Czwartkowe silne spadki indeksów na głównych giełdach światowych, a szczególnie w Nowym Jorku oraz piątkowa poranna powtórka w Azji i Europie, jednoznacznie sygnalizują nastroje panujące wśród inwestorów.

Powodem są nasilające się obawy o przyszłość koniunktury w globalnej gospodarce. Wszystko wskazuje na to, że pożegnano się już ze scenariuszem wrześniowej podwyżki stóp procentowych w Stanach Zjednoczonych, a gołębią wymowę protokołu z posiedzenia Fed, rynki zinterpretowały zdecydowanie niedźwiedzio, uznając że rezerwa federalna musi mieć poważne argumenty przemawiające przeciw szybkiemu zaostrzeniu swej polityki.

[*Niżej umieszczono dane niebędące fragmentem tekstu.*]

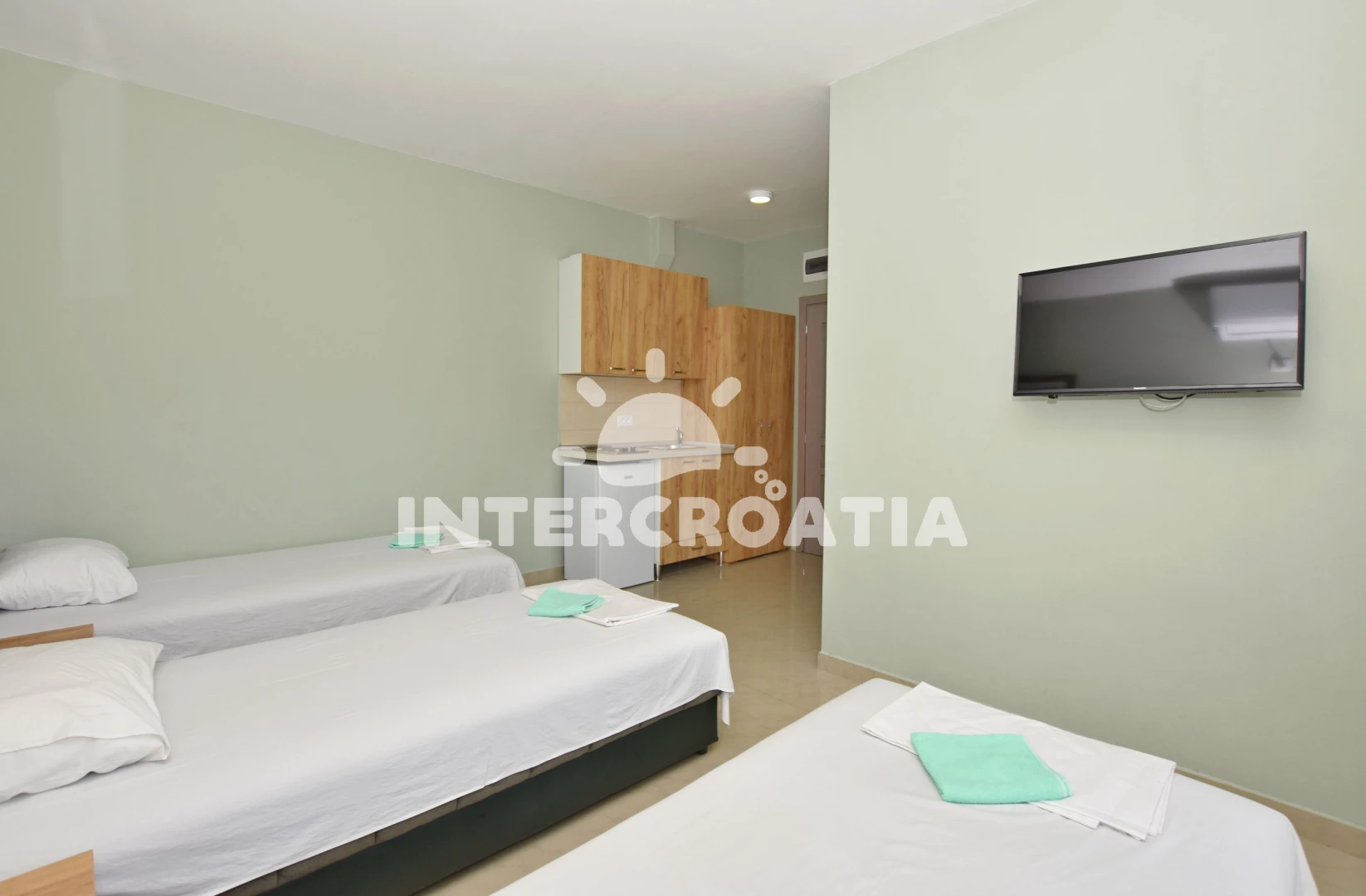 Apartmán typu studio (20 m2) s terasou. Nachází se ve 3. patře objektu. Kuchyňská linka je vybavena varnou deskou, nádobím, lednicí. K dispozici televize se satelitním programem. Koupelna se sprchovým koutem, umyvadlem, WC.

Oprócz niemal panicznej reakcji giełd, warto zwrócić uwagę na dynamiczne osłabienie dolara oraz gwałtowny wzrost zainteresowania aktywami uznawanymi za bezpieczne. W ciągu trzech dni kurs euro wzrósł z 1,1 dolara do prawie 1,13 dolara w piątkowe przedpołudnie. Ten ruch wpisuje się w tendencję trwającą od końca lipca i potwierdza jej znaczenie.

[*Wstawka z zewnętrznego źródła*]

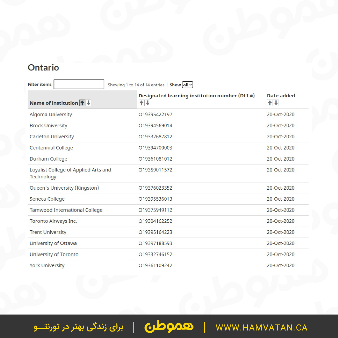 در حال حاضر دولت کانادا فهرست موسسات آموزشی تایید شده را منتشر کرده، اما گفته که امکان تغییر این فهرست هست.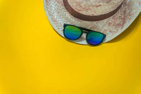 Hat weave and sunglasses in Yellow background.(travel beach)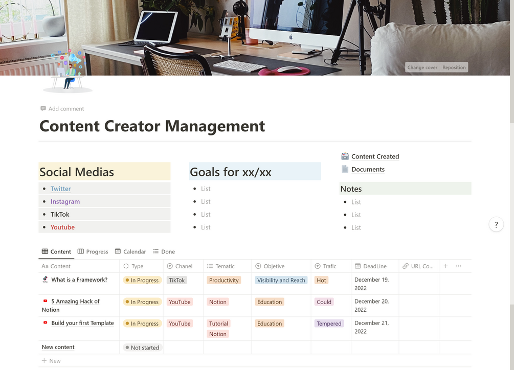 Notion Template que te permitira tener un workspace para la organización de tu contenido

Osłabienie amerykańskiej waluty nie przyniosło ulgi surowcom, za wyjątkiem złota, którego notowania zwyżkują od początku sierpnia, zyskując w tym czasie ponad 7 proc. Na rosnącą awersję do ryzyka wskazuje także dynamiczny spadek rentowności obligacji skarbowych Niemiec, Belgii, Danii, Finlandii i Szwecji, któremu towarzyszy przeciwna tendencja w przypadku papierów tureckich, rosyjskich oraz państw Europy Południowej.

Do obaw dotyczących gospodarki, potwierdzonych przez dzisiejsze odczyty wskaźników PMI z Japonii, Chin i Francji, dołączają się niepokoje polityczne między innymi w Korei i Turcji oraz perspektywa wyborów w Grecji.